Title: Progressive Familial Intrahepatic Cholestasis Presenting With Intra Cranial Bleed
Authors: Dr Ankita Kamble, Dr Shaista Parween, Dr D. Ragadeepika, Dr Harpreet Kaur, Dr Ashutosh Pai, Dr Vinita Tripathi
DOI: https://dx.doi.org/10.18535/jmscr/v9i5.36
Abstract
Progressive familial intrahepatic cholestasis [PFIC] refers to heterogeneous group of autosomal recessive disorders of childhood that disrupts bile formation and present with cholestasis of hepatocellular origin. The exact prevalence is unknown, but the estimated incidence varies from between 1/50,000 and 1/100,000. The following case highlights the importance of combined clinical, pathological and genetic approach to the diagnosis of PFIC. We report this 5-month-old male child, born of non-consanguineous marriage presented with lethargy, unable to take feeds and 1 episode of projectile vomiting since past 12 hours. On examination child was drowsy with paucity of movements of left upper and lowerlimb, right eye ptosis, child was pale and yellowish discoloration of body, liver span was around 9 cm.
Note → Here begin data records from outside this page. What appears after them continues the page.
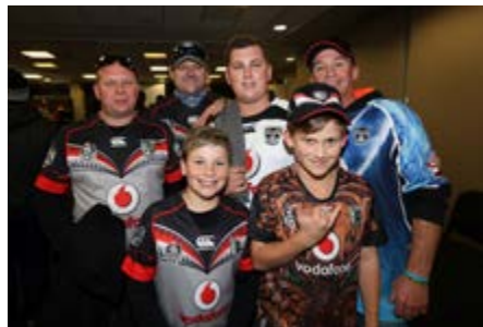
Proud Warriors fans.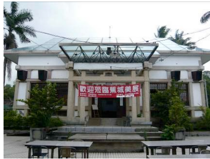
Figure 7. Chishang Budokuten after repair

However, this new function caused some debate. Some people, particularly the local elder citizens, think that coffee shop is not suited to Budokuten. They prefer Japanese martial art to be performed in this building. Beside the new function, the new roof with steel-frame and fiberglass is also denounced. In tropic Taiwan, this new roof causes high temperature for interior space and wastes much electric power for air conditioners in summer. High expenditure of the electric power often forced the custodian to close the shop in hot summer day. Under this predicament, the custodian and Chishang Township Office came to an agreement that restaurant was only set at the front yard of Chishang Budokuten. The interior space of Chishang Budokuten is for irregular exhibitions _Figure 8; Figure 9; Figure 10_.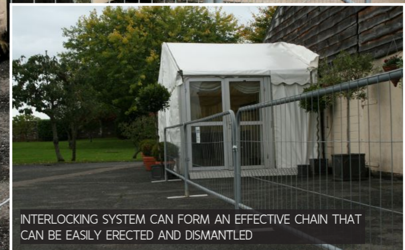
INTERLOCKING SYSTEM CAN FORM AN EFFECTIVE CHAIN THAT CAN BE EASILY ERECTED AND DISMANTLED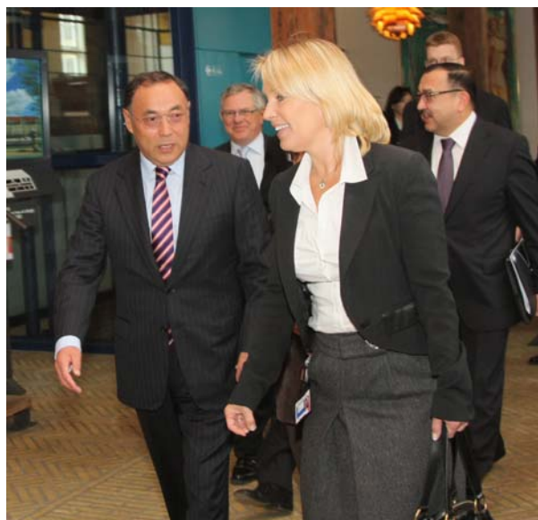
During the meeting Kanat Saudabayev of Kazakhstan and Lene Espersen of Denmark noted their common positions on a number of international issues.

Following the talks, the two Foreign Ministries exchanged Diplomatic Notes introducing a visa free regime for holders of diplomatic passports between Denmark and Kazakhstan. The cancellation of visa requirements for diplomats will promote more intense cooperation between the two countries in political, economic, scientific and cultural spheres, they said.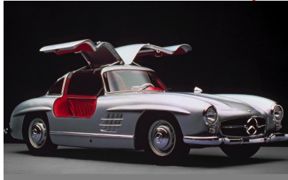
The famous M-B Gull Wing of the 1950's

Mercedes Financial (formerly Daimler Financial) has let us know that there have been several changes to the original concept. They are working on the details of the event and the proposed budget numbers.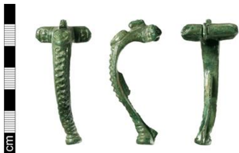
Roman Copper-Alloy Fibula Brooch Used to fasten the top of a Toga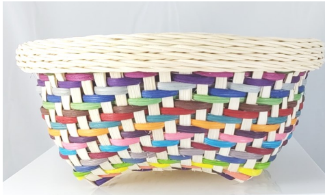
Sa-2 Sat 8:30-5:30 Pam Milat Bowl of Color 4½"H x 9"D $70/Adv•8 hours

Using cane staves, cane weavers and a cherry base, rim and divider students will learn how to do a simple twill pattern in the body of the basket. This basket can be used for outdoor entertaining, to hold napkins and cutlery or makes a great remote control holder.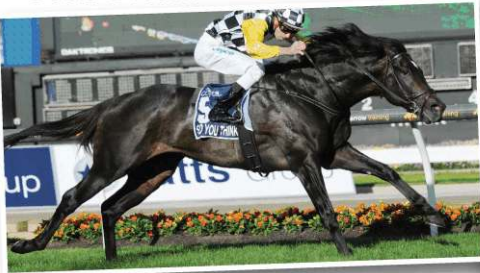
So You Think , joint-top rated Intermediate (9.5-10.5f) turf horse in the World in 2010 with Rip Van Winkle, and has joined Aidan O'Brien for 2011.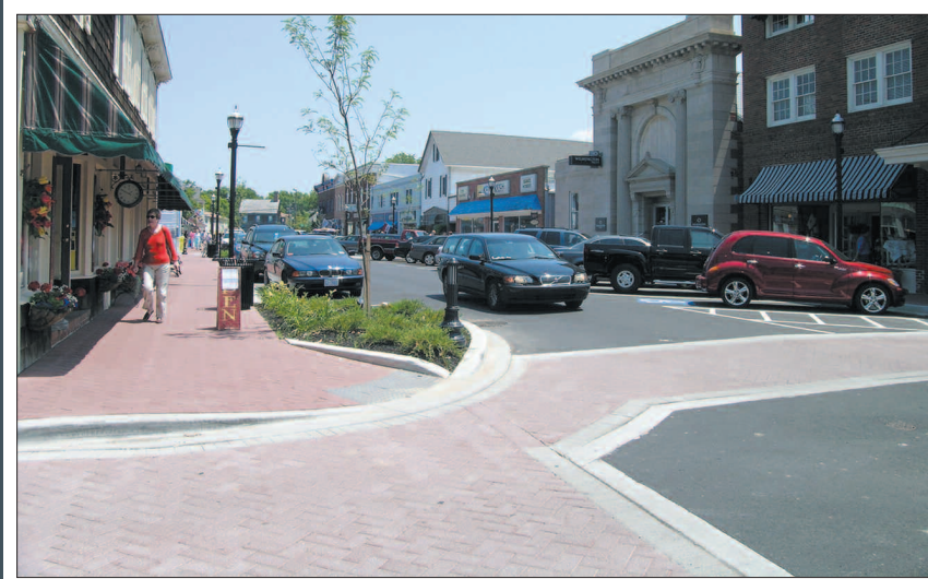
SECOND STREET REVITALIZATION

M U N I C I P A L / C I V I L E N G I N E E R I N G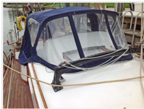
Fully enclosed dodger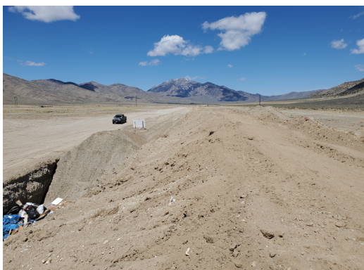
▲ Cell 1 Landfill Closure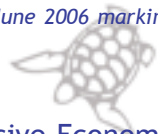
Left: Map as of 23 June 2006 marking Lady Vini's journey.

Since being tagged and released on 6 March 2006, Lady Vini has crossed the Exclusive Economic Zones (EEZs) of five Pacific island countries and territories, clearly illustrating the need for regional cooperation to conserve sea turtles.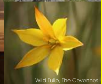
Wild Tulip, The Cevennes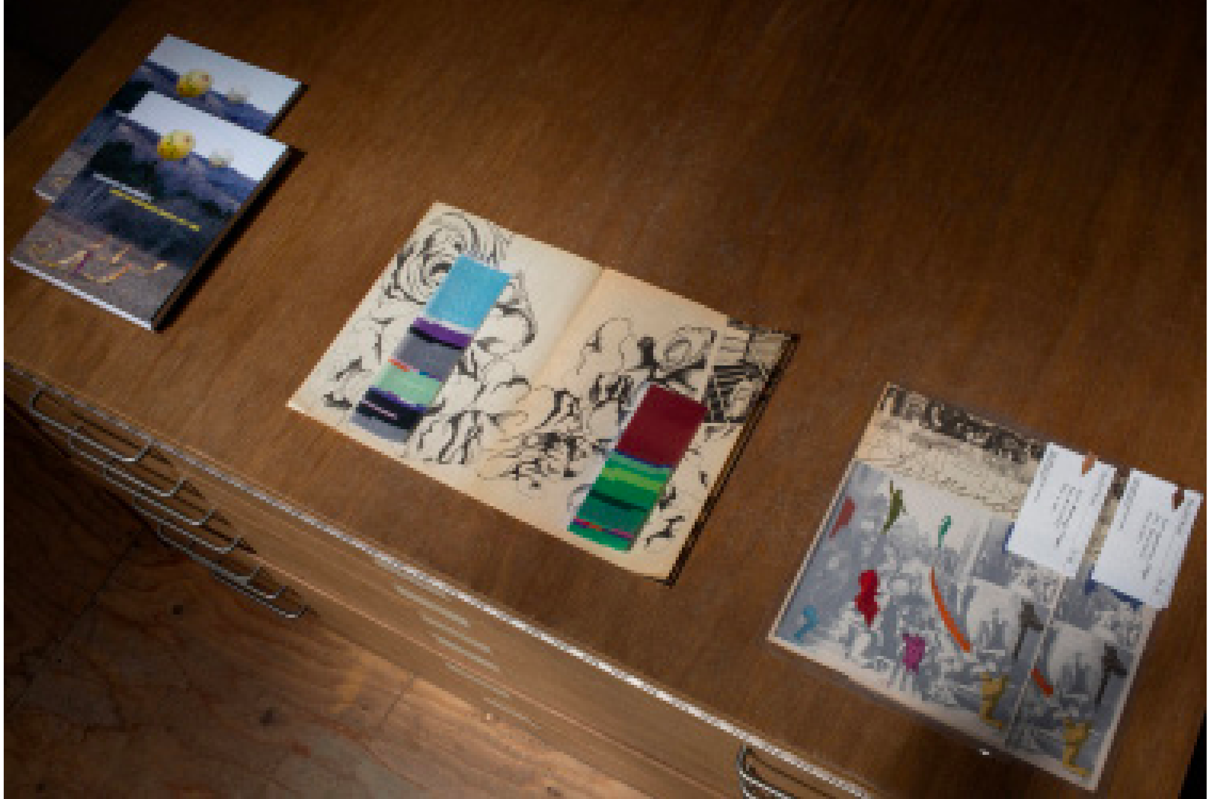
14. Darling Green – Surroundings' Colors , 2025. Alteration of Art-Rite , no. 15, "Surroundings," 1977. Printed vellum, ribbon, and colored ink on newsprint; edition of 5.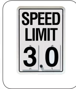
S792-522-0 Speed Limit Sign Kit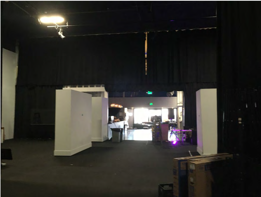
Grand Theater, auditorium, view west, 2023.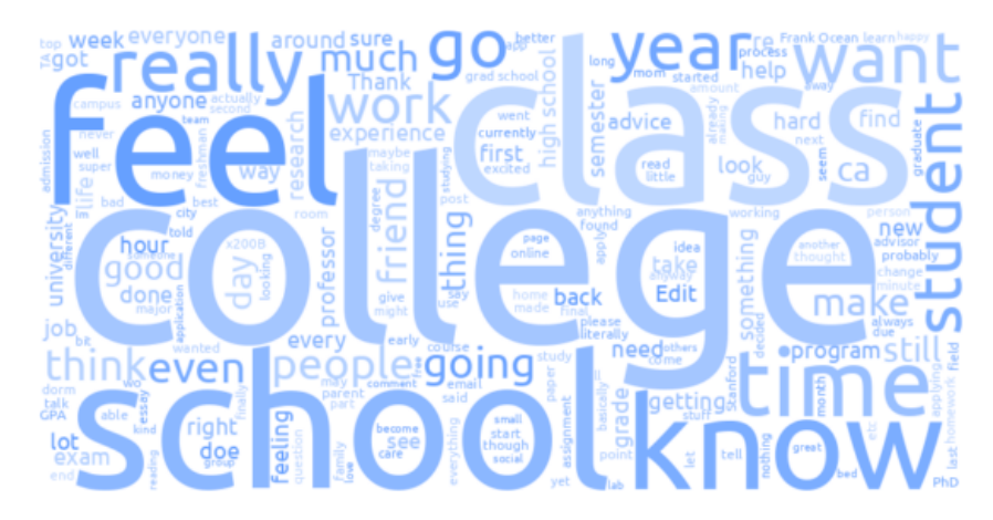
Figure A2. Word cloud for Reddit. Unigram counts: ' school ' (249), ' college ' (107), ' like ' (107), ' class ' (87), ' feel ' (76), ' year ' (72), ' know ' (68), ' time ' (66), ' really ' (63), ' want ' (59).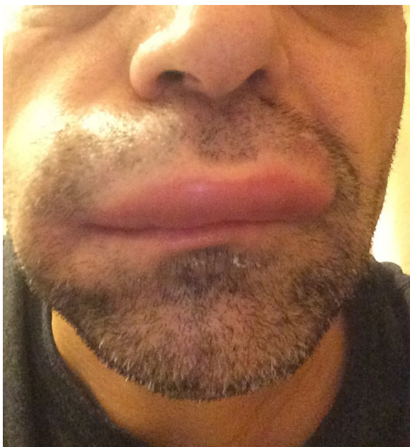
Fig. 5 Idiopathic angioedema

to monitor QOL [e.g., Chronic Urticaria Quality of Life Questionnaire (CU-Q2oL)] and to quantify disease activity (the Urticaria Activity Score) have been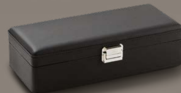
Valigetta 4 Black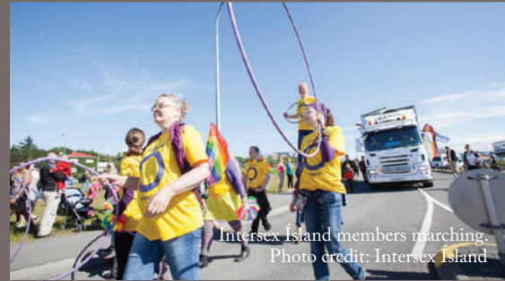
Intersex Ísland members marching.

Intersex Ísland was founded in 2014 to provide a safe space for intersex individuals, to educate the public about intersex issues, and to advocate for the principles outlined in the Malta Declaration. Among their first tasks was addressing the invisibility of intersex people in Iceland. An attitude of secrecy encouraged by the medical establishment and a lack of information in Icelandic language made “intersex” an almost unheard-of term. At the time of the organization’s founding, there existed only five pieces of writing on intersex issues in Icelandic and that were easily accessible to the public. This meant that Iceland had almost no non-medical discourse on intersex issues and that intersex people and their families felt disempowered to discuss their needs in the local language, often resorting to English. Intersex Ísland worked with a team of linguistic experts to develop a language base of non-pathologizing intersex terminology and, through public education and political advocacy, has been shaping an alternative discourse around intersex in the Icelandic language.

CT Scan was done suggestive of s/o right frontal -temporoparietal intracranial haemorrhage. Detailed investigations were done showed anaemia with direct hyperbilirubinemia with deranged PT-INR which was corrected after giving vitamin K. Rest of the liver parameters including GGT was normal. Mother was giving strong history of previous child death at the age of 11 months due to some liver disease. PFIC was considered as one of the differentials. Liver biopsy showed ballooning degeneration and cholestasis, bile plugging in bile canaliculi seen, mild portal fibrosis seen with dilatation of central vein noticed s/o PFIC.Genetic work up was sent which confirmed diagnosis of PFIC type -2.
Keywords: PFIC, gene, pruritus, cholestasis, jaundice.